The review arose out of the “Red Tape Challenge” and the Steering Group were keen to explore how the burdens of the PSED were being passed on to businesses and voluntary sector organisations tendering for contracts. It found that many public bodies are attempting to embed equality considerations into their procurement and commissioning processes, but that too many are adopting a formulaic, ‘tick-box’ approach which they do not vary regardless of the size or nature of the contract. This creates a barrier for smaller charities and companies wishing to tender for public contracts.
For example, it was found that large businesses tend to have the processes and paperwork in place already to demonstrate compliance with PSED requirements, whereas small and medium sized enterprises (“SMEs”) and voluntary sector bodies do not, and would require a great deal of support to develop them. This has a knock-on effect for sub-contractors lower down the chain, as one large business commented that they could not afford to spend time supporting SMEs through the process, so 80% of SMEs were debarred from being considered as their sub-contractors.
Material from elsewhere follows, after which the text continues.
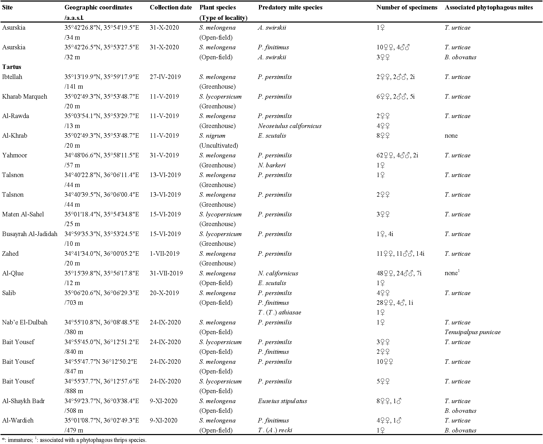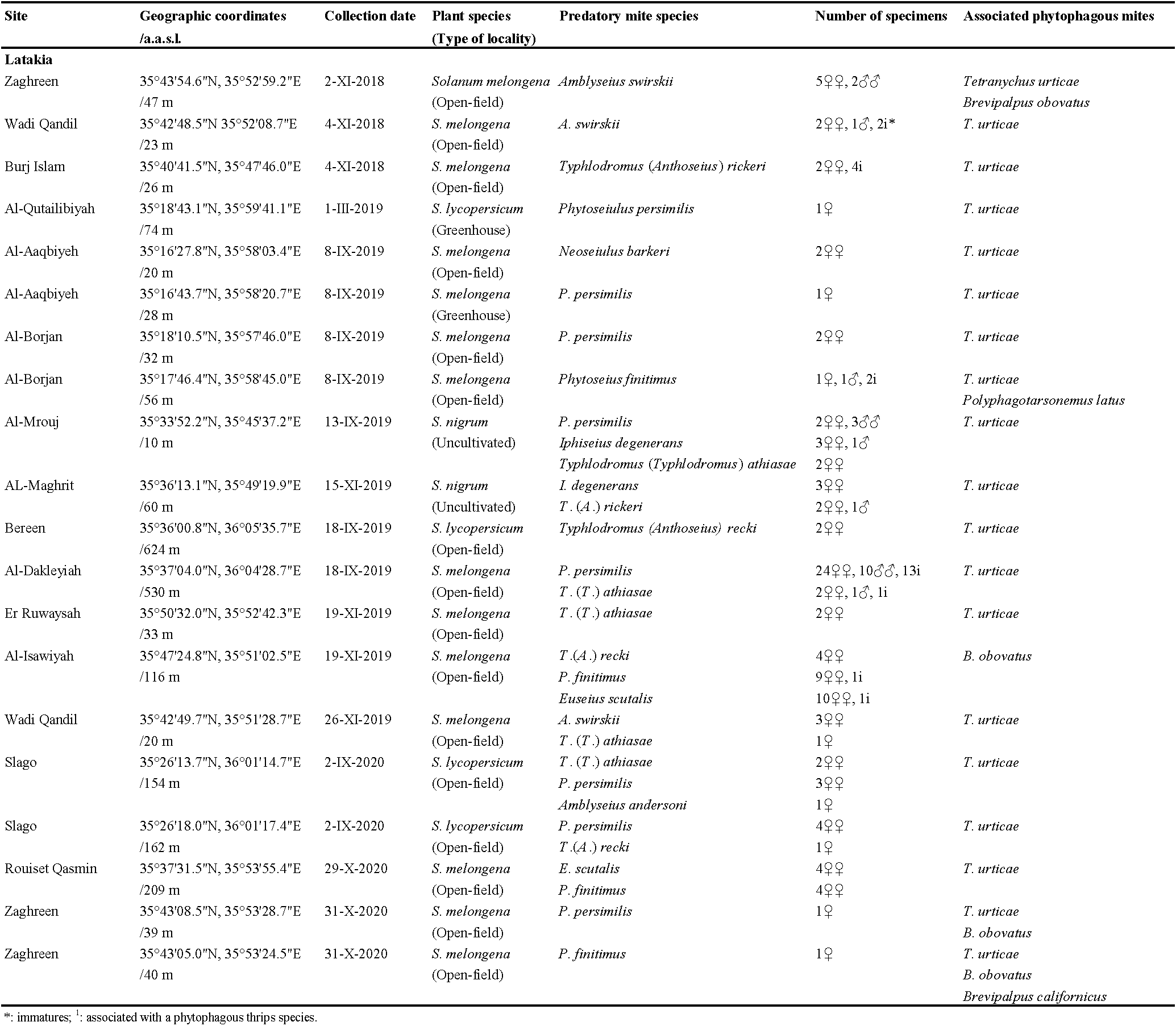 The Syrian coastal region, which includes Latakia and Tartus governorates, produces more than a third of the total national production of tomato and eggplant under both open-field and protected conditions (AASA 2020). Surveys were conducted in this region between 2018 and 2020 to identify the natural enemies of phytophagous mites on solanaceous plants. Five phytoseiid species have been reported in association with T. evansi on cultivated and wild solanaceous plants (Dayoub et al. 2022). In this study, we present additional records of phytoseiid mites found in association with other phytophagous mites on solanaceous plants in the Syrian coastal region.

The Steering Group recommended that PSED considerations should be applied proportionately in
procurement and in particular that:
- Public bodies must reduce the burdens placed on small employers.
- Public bodies should remove Pre-Qualification Questionnaires (PQQs) for contracts below £100k and utilise the government’s core PQQ, which does not include equality requirements for contracts over this amount.
- Public bodies should not impose onerous or disproportionate requirements on contractors delivering services (particularly those with fewer than 50 employees) to provide equality data on workforce and service users.
- Public bodies should be challenged where their procurement processes creates barriers for small businesses and charities.
- Private and voluntary sector employers in England should refer any potentially inappropriate equality requirements that have been applied to a particular procurement exercise to the Cabinet Office Mystery Shopper scheme.